== Segment start ==

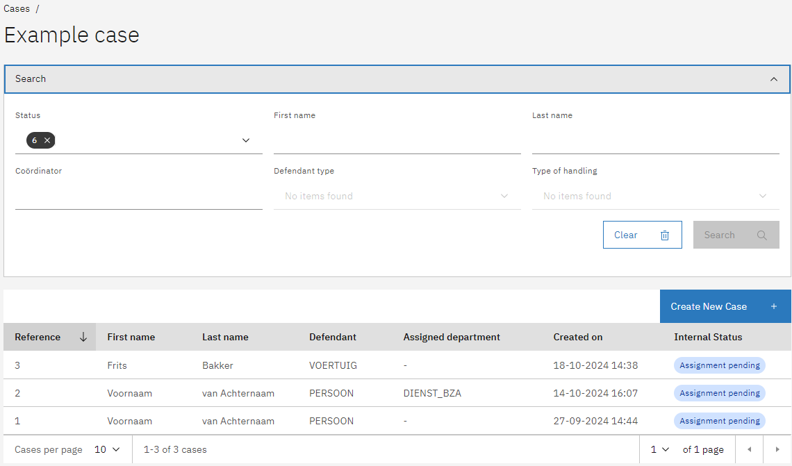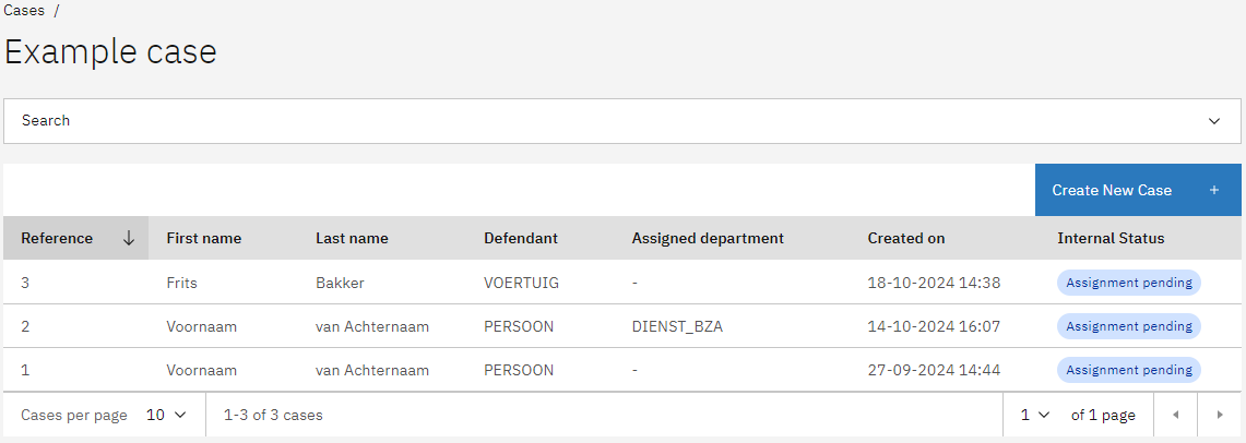 For each case a set of search fields can be configured. These fields will be displayed on top of the case list page within a search element. Search fields add the ability to filter cases that are displayed in the paginated list. Each search field adds the ability to filter on a specific field from the case data. This enables users to combine search fields to get the best result in the case list.
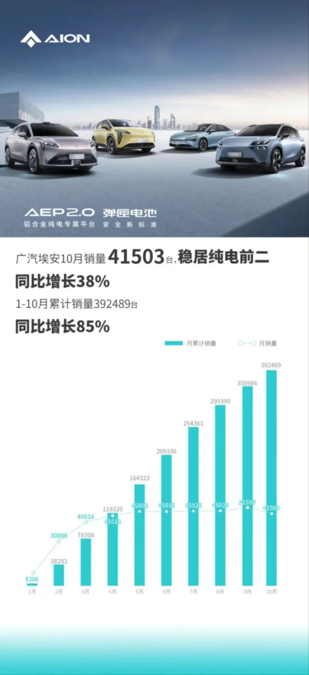 今年前10月,廣汽埃安已經(jīng)累計銷售近39.25萬輛,按照50萬輛的銷售目標(biāo),其完成率為78.5%,最后兩月需要月均銷售5萬輛方可完成任務(wù)。
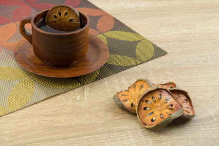 Hot dried bael tea in a wooden cup with dried bael slices
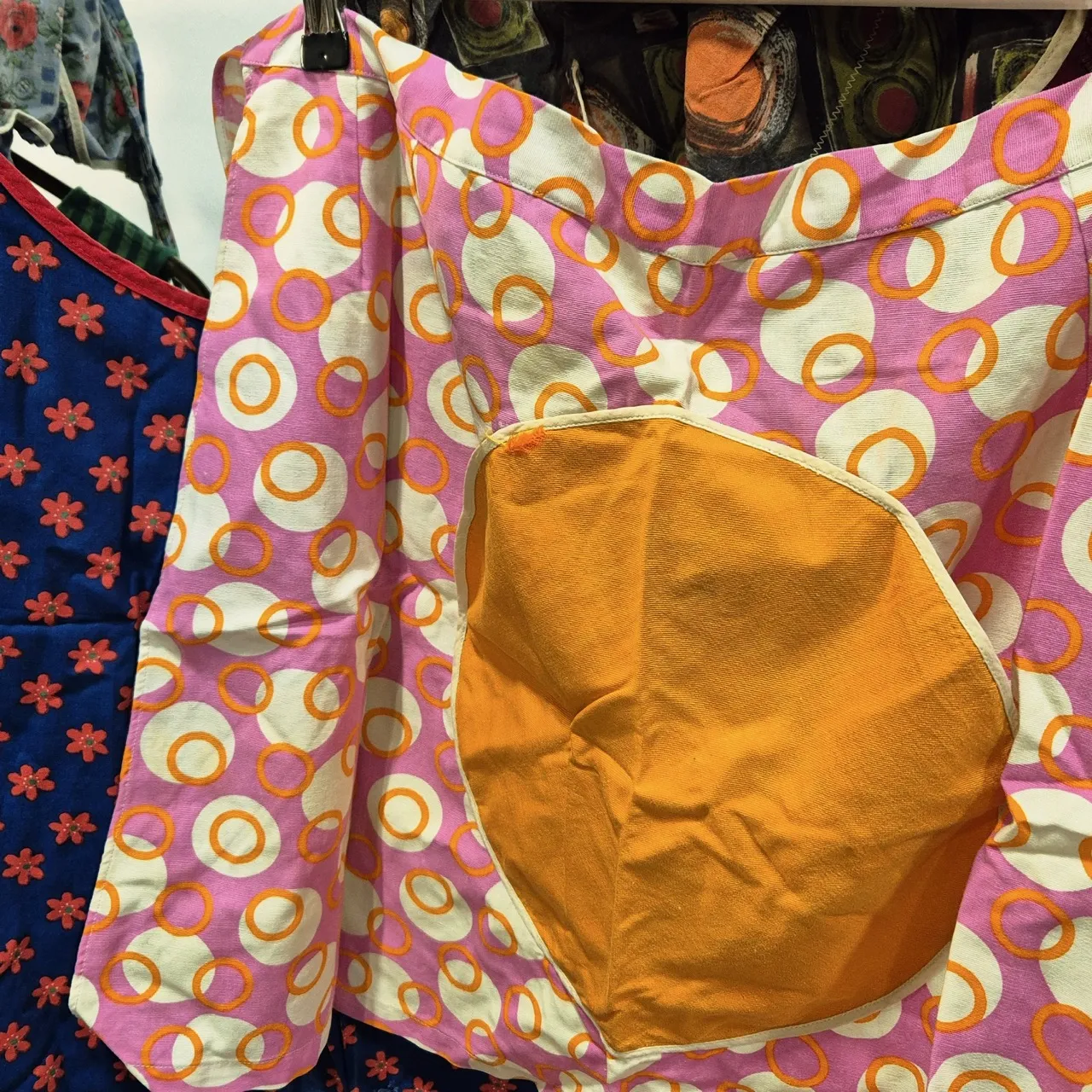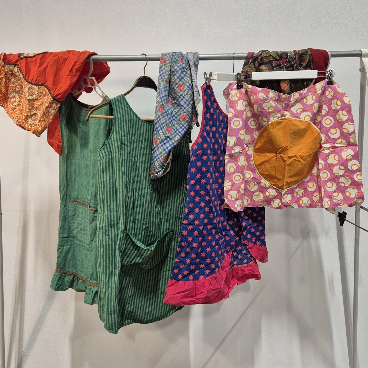 7st retro förkläden ( 3st västförkläden 4st midjeförkläden) . Vi är extra förtjusta i den rosa med den runda stor-fickan

== Segment end ==

WHAT TO PRODUCE
No pictures belong in the copy. Retype exactly, and only, the lines from the line containing "Hot dried bael" through the last line of the data, both included.

YOUR RESPONSE
 Hot dried bael tea in a wooden cup with dried bael slices
 7st retro förkläden ( 3st västförkläden 4st midjeförkläden) . Vi är extra förtjusta i den rosa med den runda stor-fickan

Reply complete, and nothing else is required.